*Aim of the task*
Copy exactly. Include the line containing "Lomo fresco con", every line after it, and the last line below, but no pictures.

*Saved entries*
-.-.-
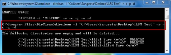 For example, I have typed “dirclean -i “C:\Users\Sangeeta\Desktop\ILFS Test” -r -c -p -d” to remove empty folders and directories from a test folder. The “-i” option tells which directory I want to scan, “-r” option commands DirClean for recursive scan, “-c” option logs empty directories to console, “-p” option enables prompt to confirm delete, and “-d” option deletes the directories.
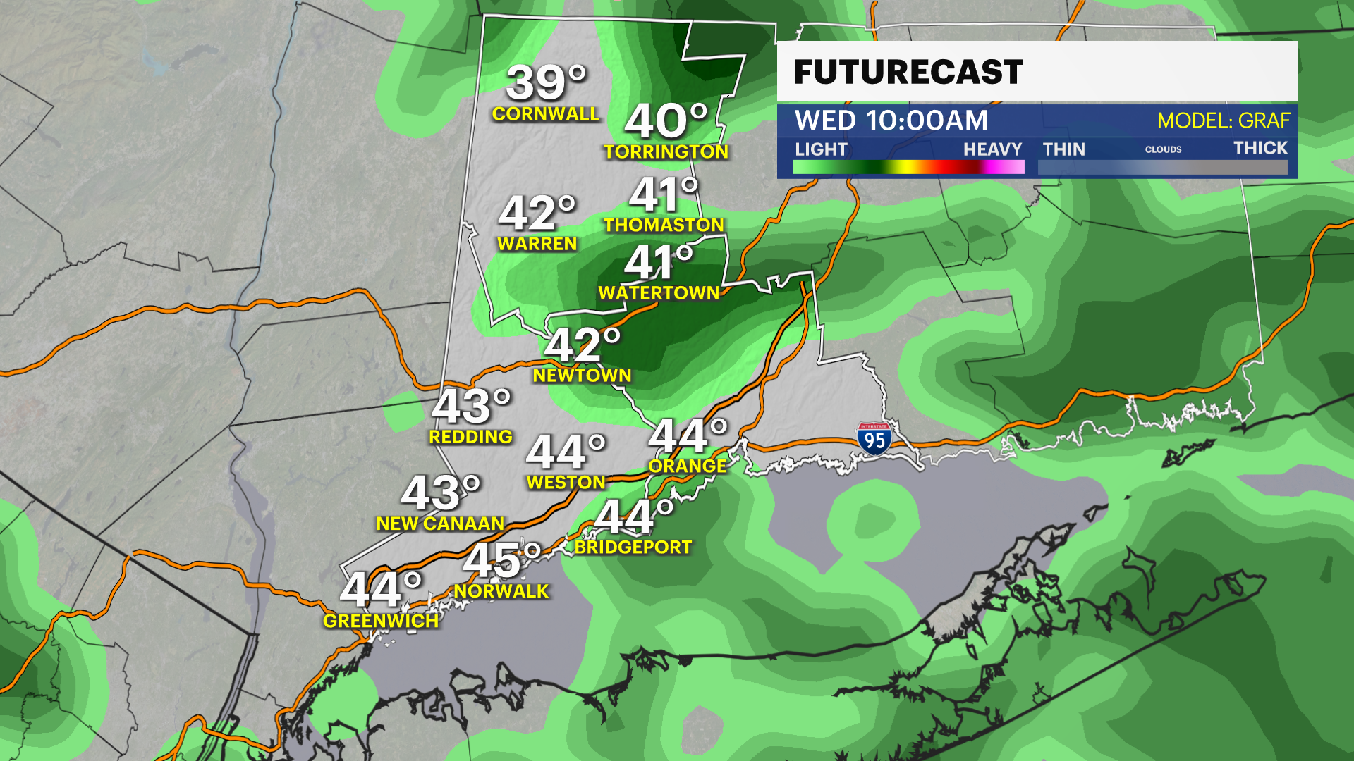 Monday: It will stay on the cool side, with temperatures in the upper 40s to low 50s. A passing shower is possible, but much of the day will just feel brisk, with a mix of clouds and sun.
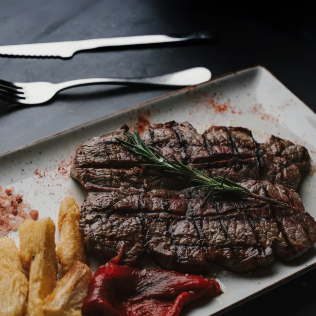 Lomo fresco con aceite de oliva, ajo y perejil con guarnición de patatas.
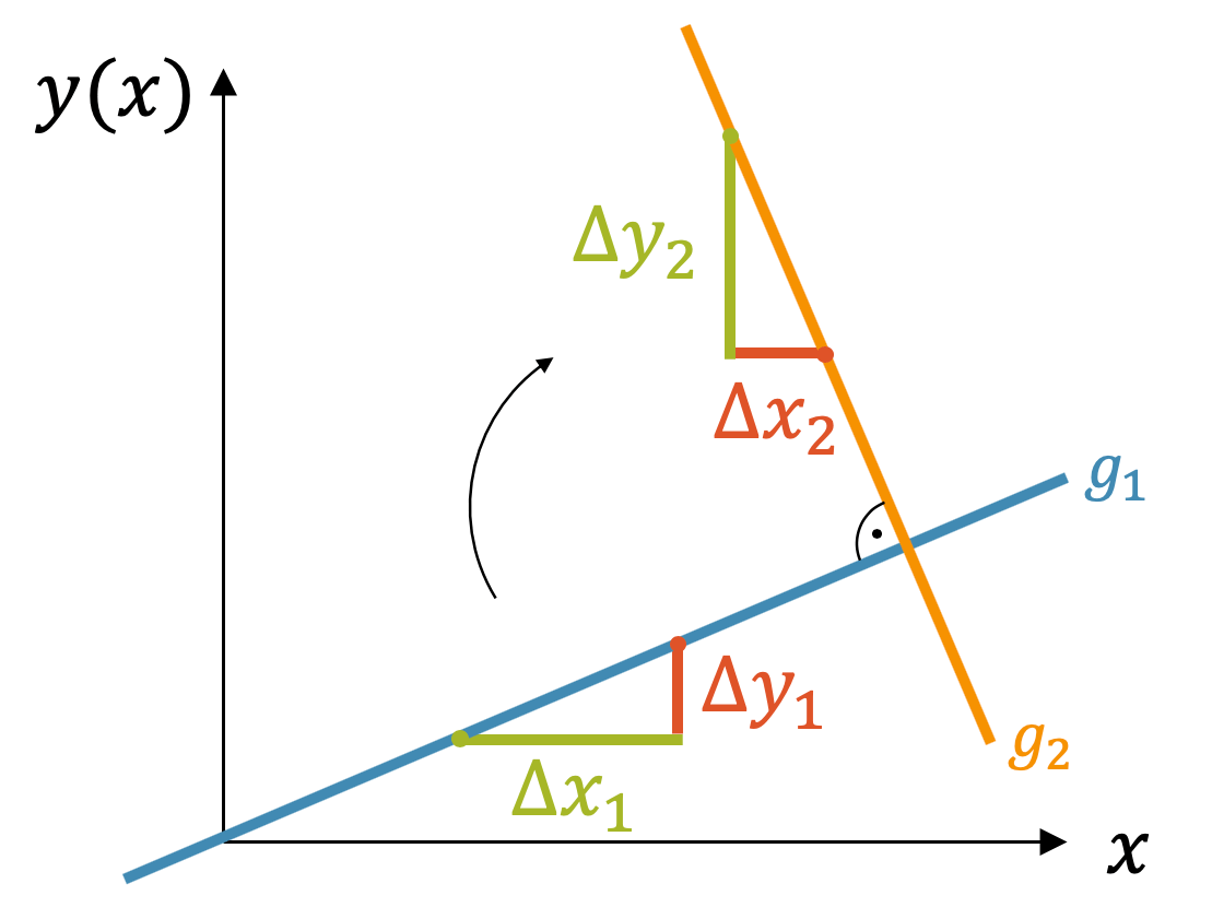 Wenn wir eine Gerade \(g_1\) mit Steigung \(m_1\) um 90° im Uhrzeigersinn drehen, so erhalten wir eine Gerade \(g_2\), die genau senkrecht auf der ersten Gerade steht. Aus dem \(\Delta x_1\) der ersten Gerade wird ein \(\Delta y_2\) der zweiten Gerade. Durch Drehung des \(\Delta y_1\) der ersten Gerade erhalten wir \(-\Delta x_2\) der zweiten Gerade:
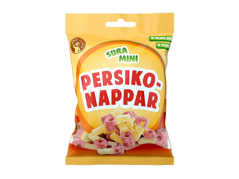 Sura Mini Persikonappar 18x70g C.People är syrliga gelégodisar med smak av solmogna persikor, formade som små nappfigurer. Den fruktiga smaken i kombination med syrlig yta gör dem till en populär favorit bland både barn och vuxna. Förpackade i 70 g-påsar och levererade i praktiskt 18-pack – perfekt för kiosker, servicehandel och livsmedelsbutiker som vill erbjuda ett omtyckt och säljande godissortiment.
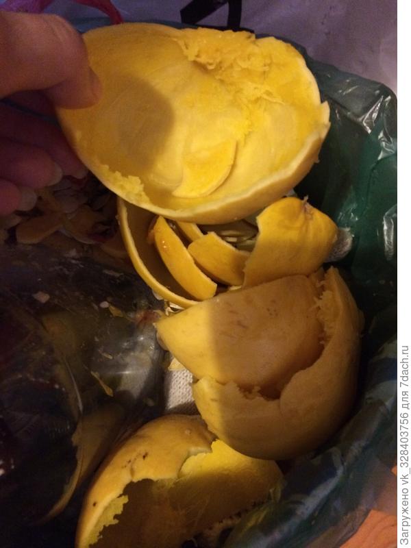 Тыква мускатная. Эту можно легко чистить ножам, ее кора кожистая, но разная по толщине. Есть тонкая, как у Витаминной и прикубанской, есть средняя, как у Виты.
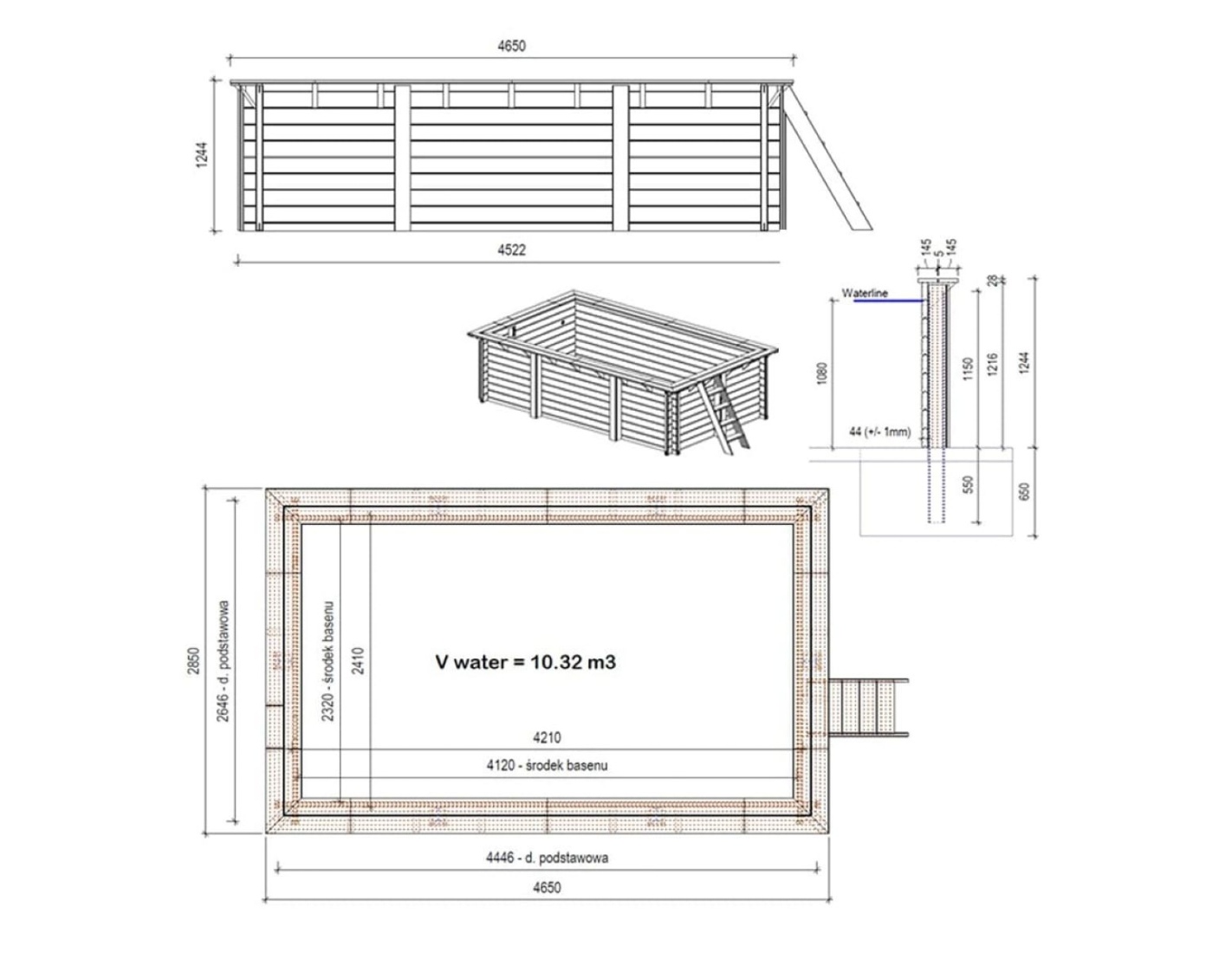 Piscina de madera AQUA 4.65 x 2.85 – H.1.24 m, arena, con vigas a encastrar en la solera
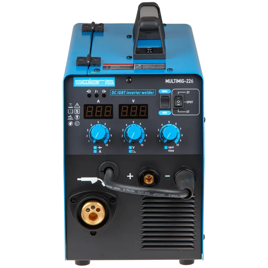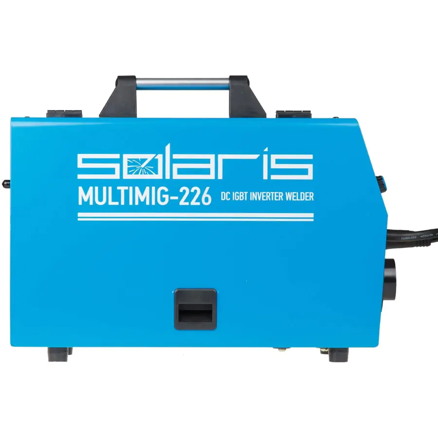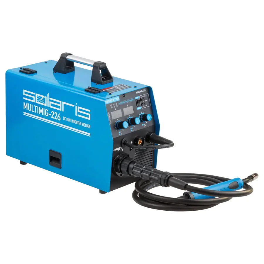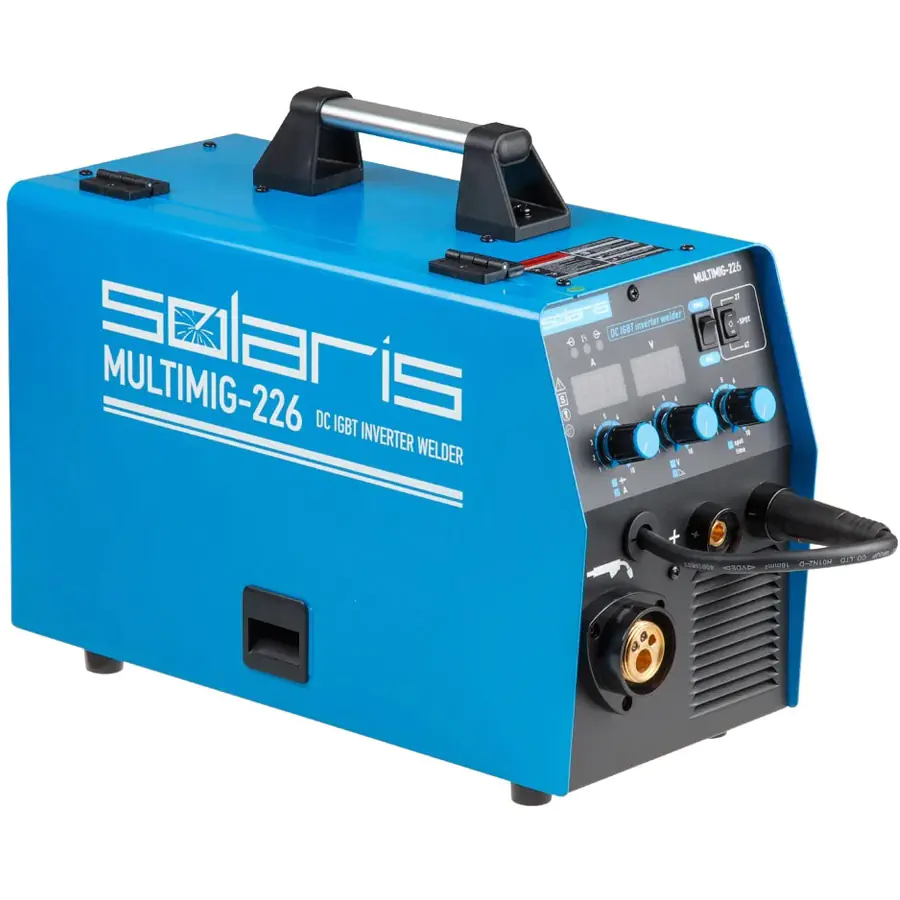 Полуавтомат сварочный Solaris MULTIMIG-226, позволяющий варить в режиме полуавтоматической MIG/MAG/FLUX и в режиме ручной дуговой (ММА) сварки. Аппарат оснащен евроразъемом для горелки, возможностью смены полярности для сварки проволокой без газа (FLUX). Аппарат построен с использованием IGBT-транзисторов, обладает набором функций HOT START, ANTISTICK; имеет защиту от перегрева, перегрузки.
-.-.-
*Answer section*
 Lomo fresco con aceite de oliva, ajo y perejil con guarnición de patatas.
 Wenn wir eine Gerade \(g_1\) mit Steigung \(m_1\) um 90° im Uhrzeigersinn drehen, so erhalten wir eine Gerade \(g_2\), die genau senkrecht auf der ersten Gerade steht. Aus dem \(\Delta x_1\) der ersten Gerade wird ein \(\Delta y_2\) der zweiten Gerade. Durch Drehung des \(\Delta y_1\) der ersten Gerade erhalten wir \(-\Delta x_2\) der zweiten Gerade:
 Sura Mini Persikonappar 18x70g C.People är syrliga gelégodisar med smak av solmogna persikor, formade som små nappfigurer. Den fruktiga smaken i kombination med syrlig yta gör dem till en populär favorit bland både barn och vuxna. Förpackade i 70 g-påsar och levererade i praktiskt 18-pack – perfekt för kiosker, servicehandel och livsmedelsbutiker som vill erbjuda ett omtyckt och säljande godissortiment.
 Тыква мускатная. Эту можно легко чистить ножам, ее кора кожистая, но разная по толщине. Есть тонкая, как у Витаминной и прикубанской, есть средняя, как у Виты.
 Piscina de madera AQUA 4.65 x 2.85 – H.1.24 m, arena, con vigas a encastrar en la solera
 Полуавтомат сварочный Solaris MULTIMIG-226, позволяющий варить в режиме полуавтоматической MIG/MAG/FLUX и в режиме ручной дуговой (ММА) сварки. Аппарат оснащен евроразъемом для горелки, возможностью смены полярности для сварки проволокой без газа (FLUX). Аппарат построен с использованием IGBT-транзисторов, обладает набором функций HOT START, ANTISTICK; имеет защиту от перегрева, перегрузки.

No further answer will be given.